_RECORDS FOR THIS TASK_.
□ □ □

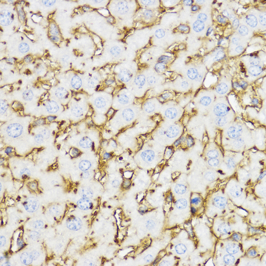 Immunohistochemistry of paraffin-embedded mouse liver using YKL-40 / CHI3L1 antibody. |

□ □ □

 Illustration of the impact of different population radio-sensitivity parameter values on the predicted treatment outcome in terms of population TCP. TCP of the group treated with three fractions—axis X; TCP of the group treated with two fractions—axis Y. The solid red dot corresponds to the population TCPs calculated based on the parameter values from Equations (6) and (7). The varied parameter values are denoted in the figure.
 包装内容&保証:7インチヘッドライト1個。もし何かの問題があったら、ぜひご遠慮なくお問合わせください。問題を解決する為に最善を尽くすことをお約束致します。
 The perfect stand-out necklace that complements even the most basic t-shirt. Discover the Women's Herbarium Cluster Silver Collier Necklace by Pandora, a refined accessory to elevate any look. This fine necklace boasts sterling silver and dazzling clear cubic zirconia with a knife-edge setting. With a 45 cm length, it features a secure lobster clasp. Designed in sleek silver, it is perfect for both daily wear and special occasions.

□ □ □

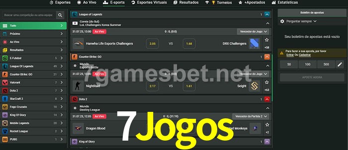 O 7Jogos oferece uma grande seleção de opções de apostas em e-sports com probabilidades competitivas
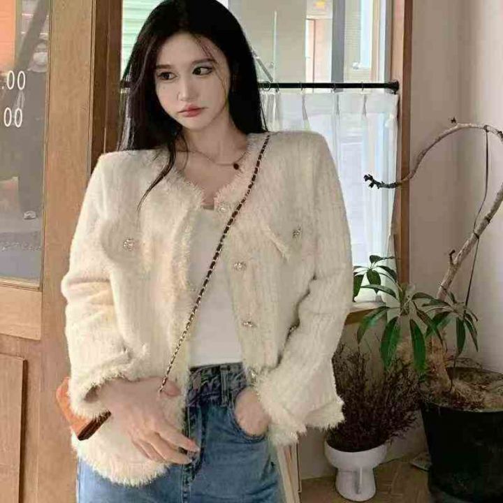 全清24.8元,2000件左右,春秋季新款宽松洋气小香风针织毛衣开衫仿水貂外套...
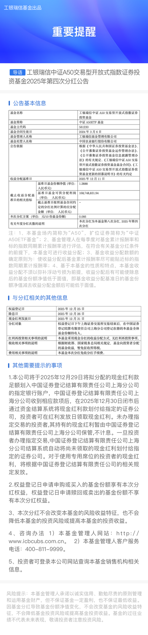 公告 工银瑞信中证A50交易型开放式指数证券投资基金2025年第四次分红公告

□ □ □

_WHAT THE EXERCISE ASKS_. All that belongs in the answer is the run of lines above from the line containing "包装内容&保証:7インチヘッ" through the line containing "The perfect stand-out", exactly as written.

_ANSWER FOR THIS EXERCISE_.
 包装内容&保証:7インチヘッドライト1個。もし何かの問題があったら、ぜひご遠慮なくお問合わせください。問題を解決する為に最善を尽くすことをお約束致します。
 The perfect stand-out necklace that complements even the most basic t-shirt. Discover the Women's Herbarium Cluster Silver Collier Necklace by Pandora, a refined accessory to elevate any look. This fine necklace boasts sterling silver and dazzling clear cubic zirconia with a knife-edge setting. With a 45 cm length, it features a secure lobster clasp. Designed in sleek silver, it is perfect for both daily wear and special occasions.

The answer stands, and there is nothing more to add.